[Start of Attachment]

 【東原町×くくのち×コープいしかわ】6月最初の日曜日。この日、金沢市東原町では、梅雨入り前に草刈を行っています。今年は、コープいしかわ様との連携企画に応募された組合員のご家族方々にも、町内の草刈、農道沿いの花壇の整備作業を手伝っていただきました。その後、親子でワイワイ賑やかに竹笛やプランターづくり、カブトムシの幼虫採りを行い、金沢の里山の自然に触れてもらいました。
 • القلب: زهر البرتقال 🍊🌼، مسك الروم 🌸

[End of Attachment]
[Start of Attachment]

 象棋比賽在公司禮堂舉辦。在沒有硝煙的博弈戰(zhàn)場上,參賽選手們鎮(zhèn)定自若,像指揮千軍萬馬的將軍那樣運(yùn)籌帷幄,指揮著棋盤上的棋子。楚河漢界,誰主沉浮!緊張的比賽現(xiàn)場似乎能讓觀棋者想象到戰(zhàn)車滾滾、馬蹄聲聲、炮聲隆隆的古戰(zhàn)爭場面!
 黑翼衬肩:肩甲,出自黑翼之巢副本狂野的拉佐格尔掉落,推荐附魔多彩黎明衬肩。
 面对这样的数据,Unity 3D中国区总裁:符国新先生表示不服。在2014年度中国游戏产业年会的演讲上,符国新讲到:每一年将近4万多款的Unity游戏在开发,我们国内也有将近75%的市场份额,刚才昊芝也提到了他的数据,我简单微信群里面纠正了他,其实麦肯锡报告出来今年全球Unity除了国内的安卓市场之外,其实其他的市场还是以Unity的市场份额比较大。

[End of Attachment]
[Start of Attachment]

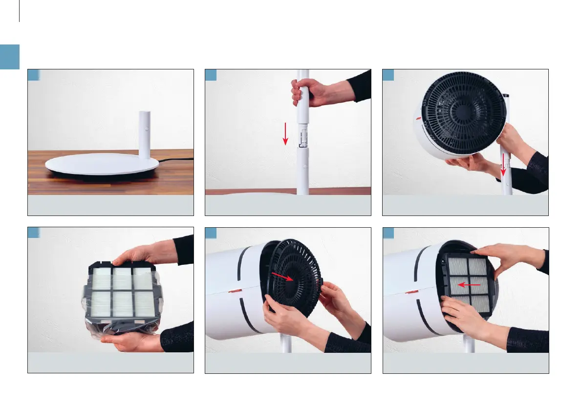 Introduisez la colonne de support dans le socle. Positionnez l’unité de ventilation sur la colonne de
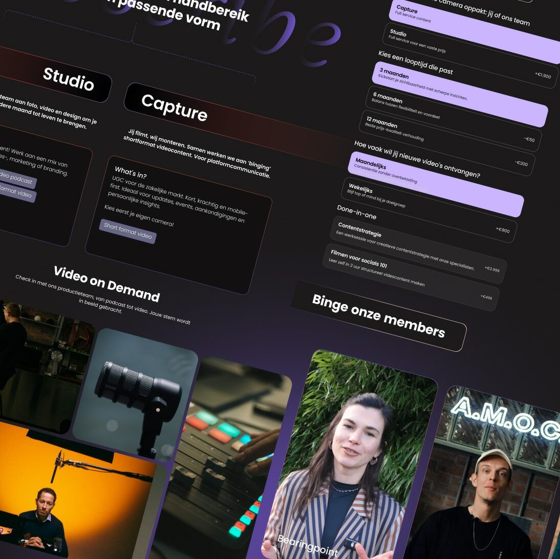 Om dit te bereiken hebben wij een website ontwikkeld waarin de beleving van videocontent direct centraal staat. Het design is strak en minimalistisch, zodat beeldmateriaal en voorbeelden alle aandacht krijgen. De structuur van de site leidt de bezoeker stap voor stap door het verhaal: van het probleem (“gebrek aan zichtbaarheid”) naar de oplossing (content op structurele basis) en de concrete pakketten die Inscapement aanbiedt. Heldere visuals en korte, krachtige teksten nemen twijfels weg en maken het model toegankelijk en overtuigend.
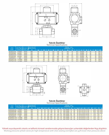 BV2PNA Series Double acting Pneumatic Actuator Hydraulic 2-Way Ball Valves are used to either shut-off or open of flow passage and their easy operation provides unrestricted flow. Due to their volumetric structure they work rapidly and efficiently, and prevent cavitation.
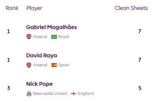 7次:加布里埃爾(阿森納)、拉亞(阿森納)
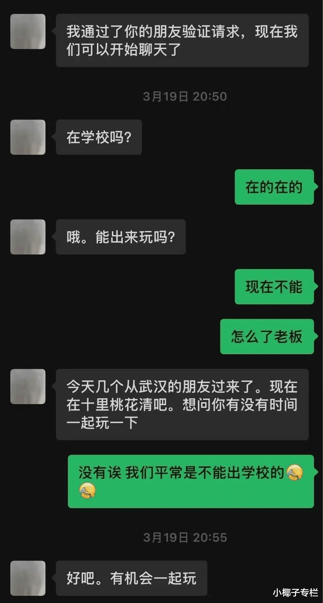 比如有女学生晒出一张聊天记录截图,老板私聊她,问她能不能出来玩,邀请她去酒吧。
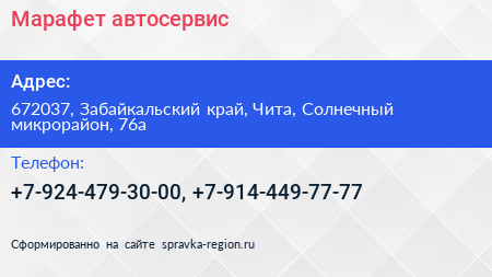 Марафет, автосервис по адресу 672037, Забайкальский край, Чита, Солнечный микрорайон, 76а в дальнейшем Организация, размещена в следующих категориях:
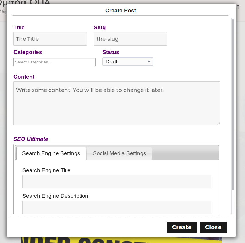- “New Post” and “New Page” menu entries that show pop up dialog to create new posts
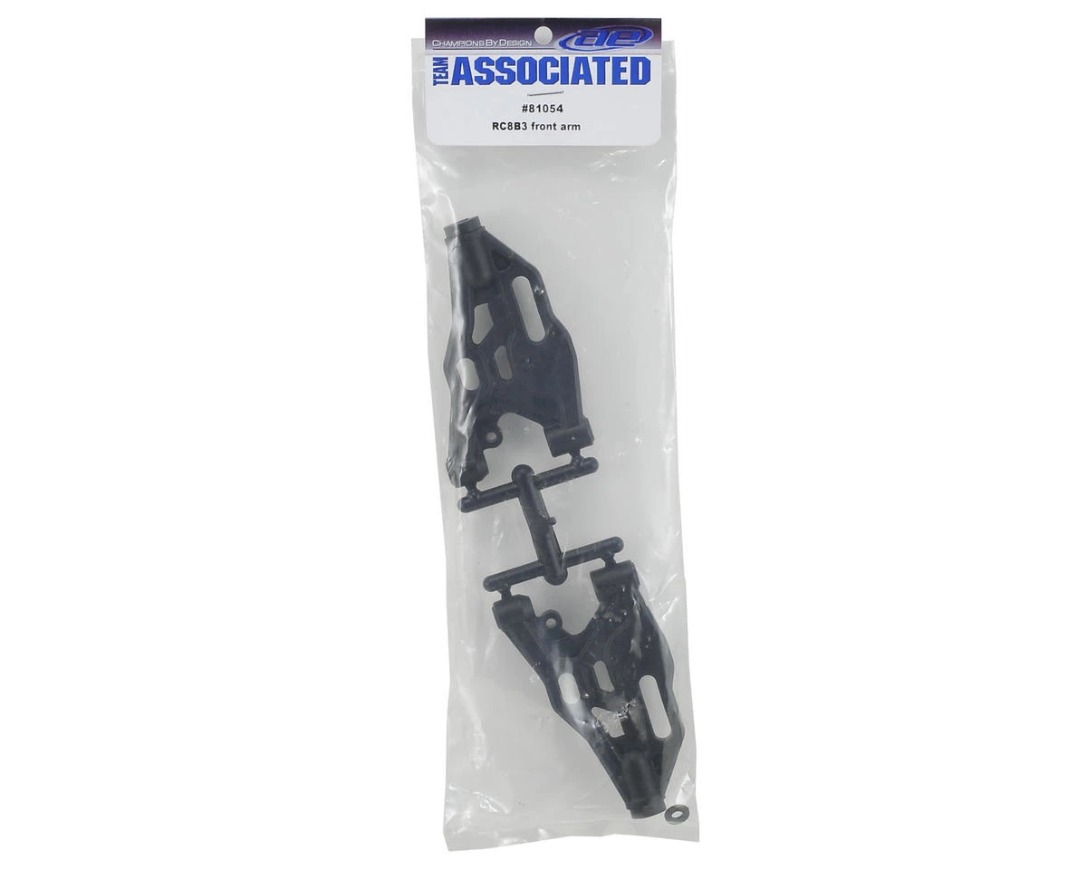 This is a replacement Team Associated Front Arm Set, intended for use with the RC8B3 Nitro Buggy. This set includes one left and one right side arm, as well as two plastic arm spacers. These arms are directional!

[End of Attachment]

● **Exercise requirements**
From the data above, retype only the lines starting with the line with "比如有女学生晒出一张聊天记录截图,老板私聊她,问她能不能出来玩,邀请她去酒吧。" and going on through the line with "This is a replacement", exactly, leaving out the pictures.

● **Task answer**
 比如有女学生晒出一张聊天记录截图,老板私聊她,问她能不能出来玩,邀请她去酒吧。
 Марафет, автосервис по адресу 672037, Забайкальский край, Чита, Солнечный микрорайон, 76а в дальнейшем Организация, размещена в следующих категориях:
- “New Post” and “New Page” menu entries that show pop up dialog to create new posts
 This is a replacement Team Associated Front Arm Set, intended for use with the RC8B3 Nitro Buggy. This set includes one left and one right side arm, as well as two plastic arm spacers. These arms are directional!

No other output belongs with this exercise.